There are two types of spectroscopic binaries if the taken spectra show only one set of lines, then they are called as single-line spectroscopic binaries, and if it shows the lines from both the components, then they are called as double-line spectroscopic binaries.
In spectroscopic binaries, if the components are very close, then there may be an exchange of mass between them due to tidal interactions. In many cases, orbital periods may range from a few hours to months, with separations of much less than an A.U. and for double-line spectroscopic binaries, it may vary from hours to decades. Example of this class is Mizar in Ursa Majoris.
Eclipsing Binary System:
The binary star system in which the orbit plane of the two stars lies in the line of sight of the observer that they undergo eclipses alternately. These binaries offer a straightforward way to measure the distances to galaxies to 5 percent level of accuracy.
Eclipsing binaries are variable stars, not because the luminosity of the individual components differ but because of the eclipses. The light curve of an eclipsing binary is characterized by periods of almost constant light, with periodic drops in intensity.

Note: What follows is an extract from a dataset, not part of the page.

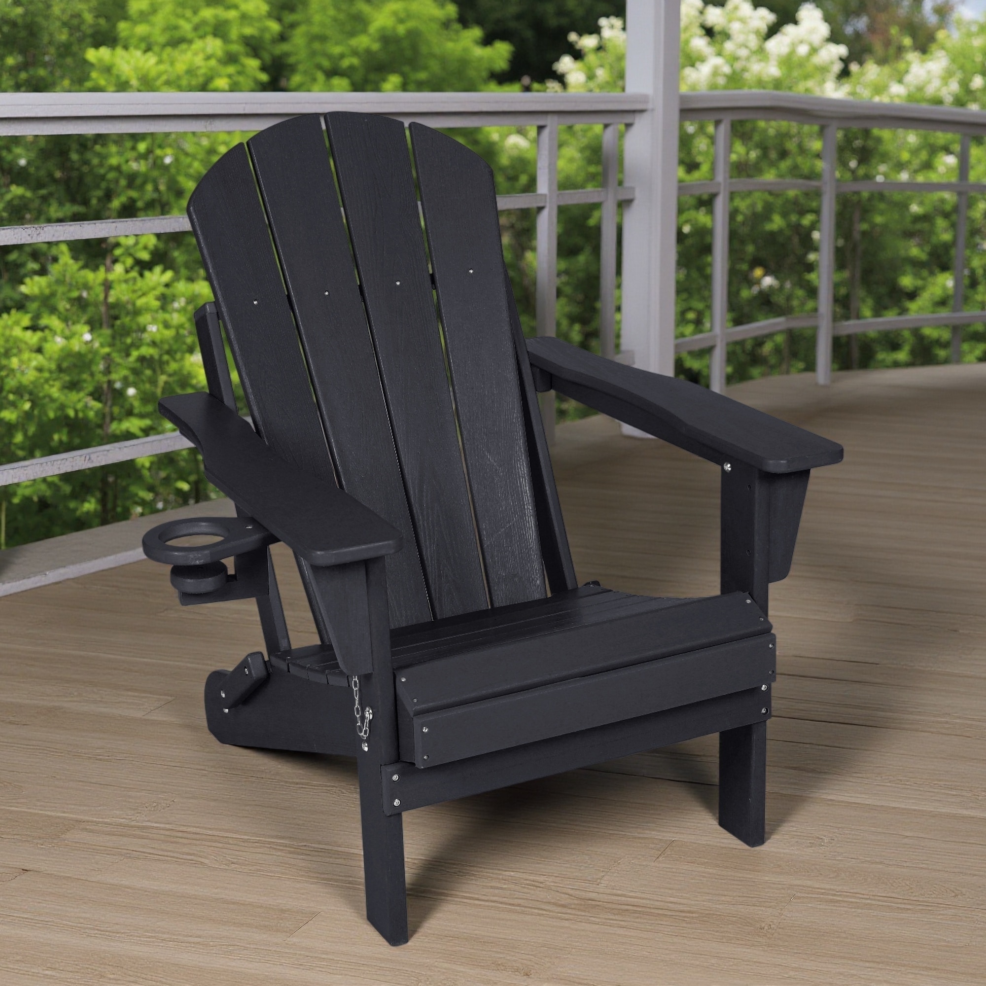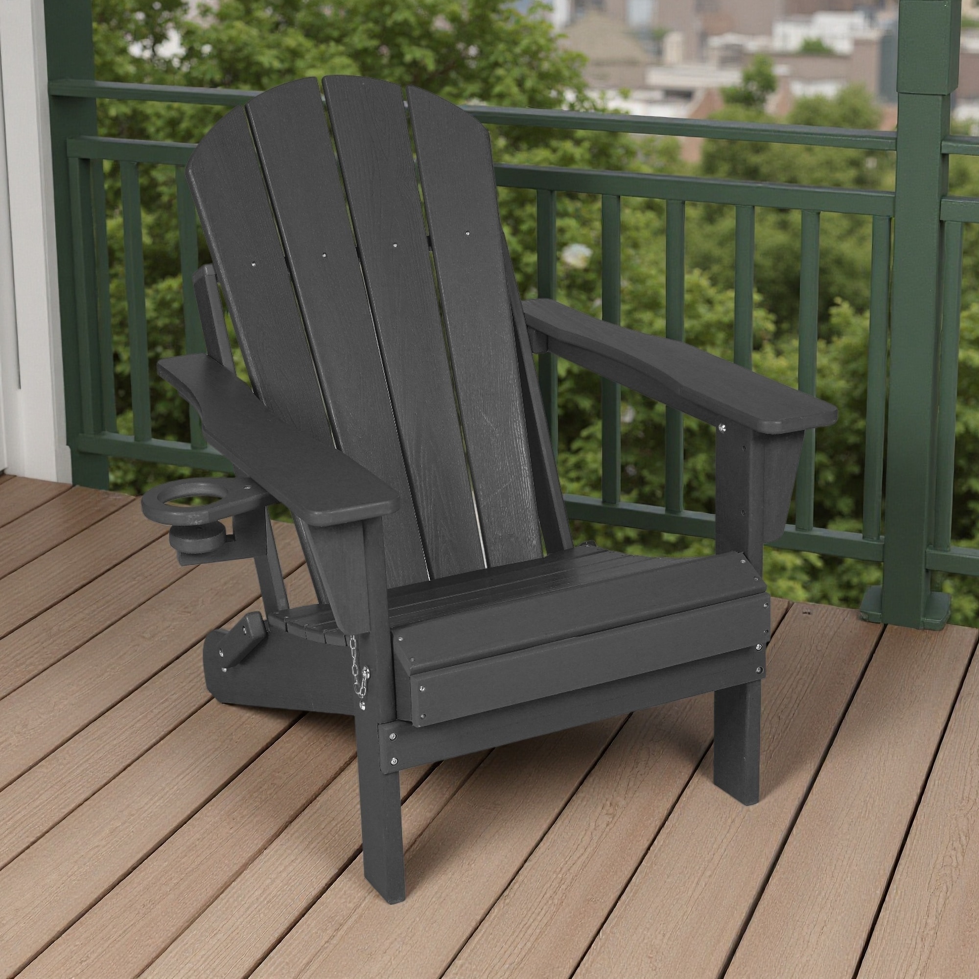 36"H Folding Adirondack Chair with Dual Cup Holder - Composite Chair with Wood Texture, Large Seat, Weather Resistant

If the components are of not similar sizes, then one will be obscured by a total eclipse while the other by an annular eclipse. The orbital period of an eclipsing binary may be determined from the study of the light curve, and the comparative sizes of the individual stars can be determined in terms of the orbital radius by observing the brightness changes.
The first detected eclipsing binary was Algol, β Perseus, also known as the Demon Star. Other include β Lyrae, W Ursae Majoris, etc.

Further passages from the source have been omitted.